- Location of Blythedale, Missouri
- Coordinates: 40°28′31″N 93°55′37″W﻿ / ﻿40.4752789°N 93.9268947°W
- Country: United States
- State: Missouri
- County: Harrison

Area
- • Total: 0.31 sq mi (0.80 km^{2})
- • Land: 0.31 sq mi (0.79 km^{2})
- • Water: 0 sq mi (0.00 km^{2})
- Elevation: 1,076 ft (328 m)

Population (2020)
- • Total: 211
- • Density: 687.6/sq mi (265.47/km^{2})
- Time zone: UTC-6 (Central (CST))
- • Summer (DST): UTC-5 (CDT)
- ZIP code: 64426
- Area code: 660
- FIPS code: 29-06742
- GNIS feature ID: 2398146

= Blythedale, Missouri =

Blythedale is a village in northeast Harrison County, Missouri, United States. The population was 211 at the 2020 census.

==History==
Blythedale was laid out in 1880, and named in honor of a railroad employee. A post office called Blythedale has been in operation since 1880.

==Geography==
Blythedale is located at the intersection of Missouri routes N and T approximately 2.5 miles east of Interstate 35. Eagleville is approximately three mile to the west and Ridgeway is six miles south. The East Fork of Big Creek flows past the west side of the community.

According to the United States Census Bureau, the village has a total area of 0.31 sqmi, all land.

==Demographics==

Historical population
| Census | Pop. | Note | %± |
| 1900 | 315 |  | — |
| 1910 | 345 |  | 9.5% |
| 1920 | 294 |  | −14.8% |
| 1930 | 253 |  | −13.9% |
| 1940 | 266 |  | 5.1% |
| 1950 | 238 |  | −10.5% |
| 1960 | 179 |  | −24.8% |
| 1970 | 213 |  | 19.0% |
| 1980 | 219 |  | 2.8% |
| 1990 | 130 |  | −40.6% |
| 2000 | 233 |  | 79.2% |
| 2010 | 193 |  | −17.2% |
| 2020 | 211 |  | 9.3% |
U.S. Decennial Census

===2010 census===
As of the census of 2010, there were 193 people, 86 households, and 56 families residing in the village. The population density was 622.6 PD/sqmi. There were 105 housing units at an average density of 338.7 /sqmi. The racial makeup of the village was 100.0% White. Hispanic or Latino of any race were 2.6% of the population.

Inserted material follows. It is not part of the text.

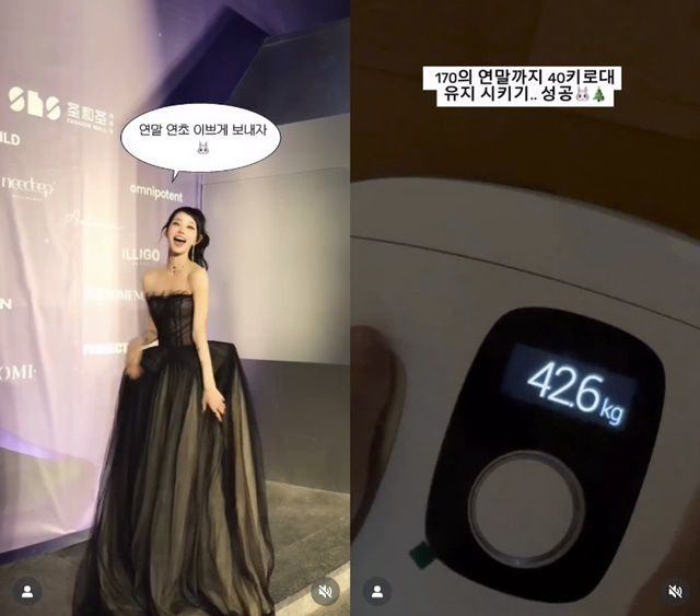 최준희 인스타그램 (서울=뉴스1) 김민지 기자 = 인플루언서 최준희가 극강의 스키니 몸매를 뽐냈다. 21일 최준희는 자신의 사회관계망서비스(SNS) 계정에 "170㎝의 연말까지 40kg대 유지 시키기… 성공"이라는 글과 함께 짧은 영상을 게재했다. 영상 속 최준희는 직접 체중계 위에 올라가 자신의 실시간 몸무게를 인증했다. 170cm인 최준희는 몸무가 42

There were 86 households, of which 29.1% had children under the age of 18 living with them, 47.7% were married couples living together, 9.3% had a female householder with no husband present, 8.1% had a male householder with no wife present, and 34.9% were non-families. 32.6% of all households were made up of individuals, and 17.4% had someone living alone who was 65 years of age or older. The average household size was 2.24 and the average family size was 2.75.

The median age in the village was 43.5 years. 23.8% of residents were under the age of 18; 5.7% were between the ages of 18 and 24; 22.2% were from 25 to 44; 25.9% were from 45 to 64; and 22.3% were 65 years of age or older. The gender makeup of the village was 52.3% male and 47.7% female.

===2000 census===
As of the census of 2000, there were 233 people, 100 households, and 67 families residing in the village. The population density was 754.3 PD/sqmi. There were 111 housing units at an average density of 359.3 /sqmi. The racial makeup of the village was 99.14% White, 0.43% Pacific Islander, and 0.43% from two or more races. Hispanic or Latino of any race were 1.29% of the population.

There were 100 households, out of which 30.0% had children under the age of 18 living with them, 48.0% were married couples living together, 8.0% had a female householder with no husband present, and 33.0% were non-families. 29.0% of all households were made up of individuals, and 22.0% had someone living alone who was 65 years of age or older. The average household size was 2.33 and the average family size was 2.76.

In the village, the population was spread out, with 26.2% under the age of 18, 8.2% from 18 to 24, 26.6% from 25 to 44, 19.7% from 45 to 64, and 19.3% who were 65 years of age or older. The median age was 38 years. For every 100 females, there were 109.9 males. For every 100 females age 18 and over, there were 97.7 males.

The median income for a household in the village was $25,417, and the median income for a family was $27,500. Males had a median income of $25,000 versus $13,438 for females. The per capita income for the village was $11,281. About 26.8% of families and 32.4% of the population were below the poverty line, including 53.8% of those under the age of eighteen and 18.9% of those 65 or over.